Grimly, she wondered how soon she would encounter human cadavers heaped in similar numbers.

"Some sci-fi writer," Neil said at last, "I think it was Arthur C. Clarke, suggested that an extraterrestrial species, hundreds or thousands of years more advanced than us, would possess technology that would appear to us to be not the result of applied science but entirely supernatural, pure magic."

"In this case, black magic," she said. "Evil. What practical purpose could they have for turning a dead man into a marionette-except to terrorize?"

Ahead in the luminous storm, a separate light arose, and grew brighter as they approached it.

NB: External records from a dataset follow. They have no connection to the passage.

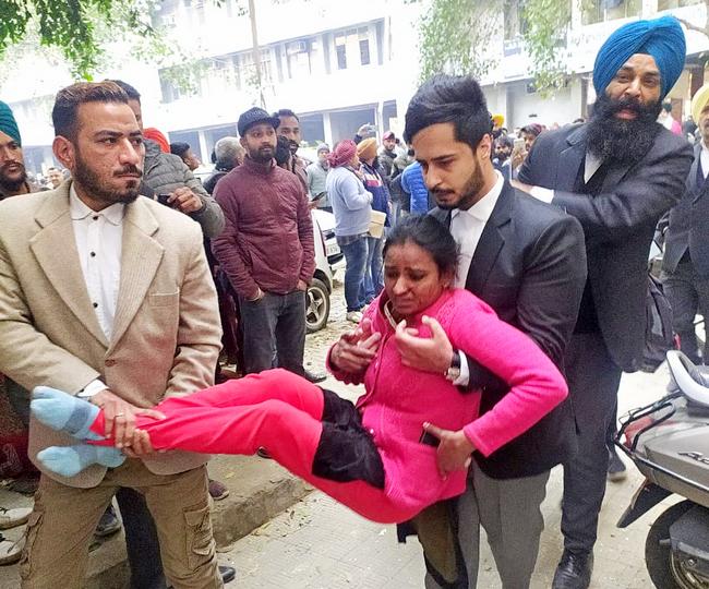 लुधियाना में पुराने कचहरी परिसर में धमाके के बाद घायल हुई एक महिला को बाहर लेकर आते हुए मौके पर मौजूद लोग। धमाके बाद पूरे कचहरी परिसर में दहशत है। धमाके की सूचना के बाद लोग अपनों को फोन घनघनाते लगे हैं।
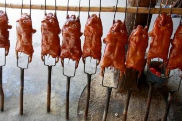 2.豬身烘干時,一般烘八成至九成熟即可,如批量制作必須烘至完全成熟,這樣可以加快爆皮上色的時間。
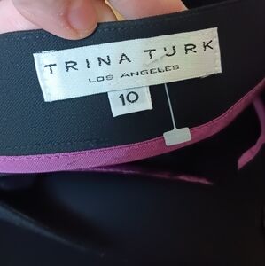 Tina Turk Black Mini Skirt Satin Stripes Down Sides Size 10 NWOT

Molly slowed further, allowed the SUV to coast forward.

Out of the torrents loomed a blue Infiniti, standing in their lane, facing the same direction that they were traveling, but dead still. The lights of the car blazed. Three of its four doors hung open wide.

Molly rolled to a stop ten feet behind the vehicle. The engine was running: Pale exhaust vapor issued continuously from the car's tailpipe, but the skeins of rain washed the plume away before it could attain much length.

From this angle, Molly could see no driver, no passengers.

"Keep moving," Neil encouraged.

She swung the Explorer into the northbound lane and slowly drove around the Infiniti.

No one, either dead or alive, was slumped inside below the level of the windows.

The car had not failed its occupants, yet they had abandoned it and had chosen to continue on foot. Or had fled in panic. Or had been taken.

On the pavement in front of the Infiniti, illuminated by its headlights, lay three objects. A baseball bat. A butcher knife. A long-handled ax.

"Maybe they didn't have guns," Neil said, expressing Molly's very thoughts, "and had to arm themselves with whatever they could find."

During the confrontation that occurred here, the occupants of the Infiniti must have discovered that their weapons were useless and must have discarded them. Or perhaps they had been forcibly disarmed by something that was unimpressed by clubs and blades.

"Maybe we'll meet up with them somewhere on the road ahead," Neil suggested.

Molly didn't think that would happen. Those people were gone forever: to where, unknown; to what hideous end, unguessable.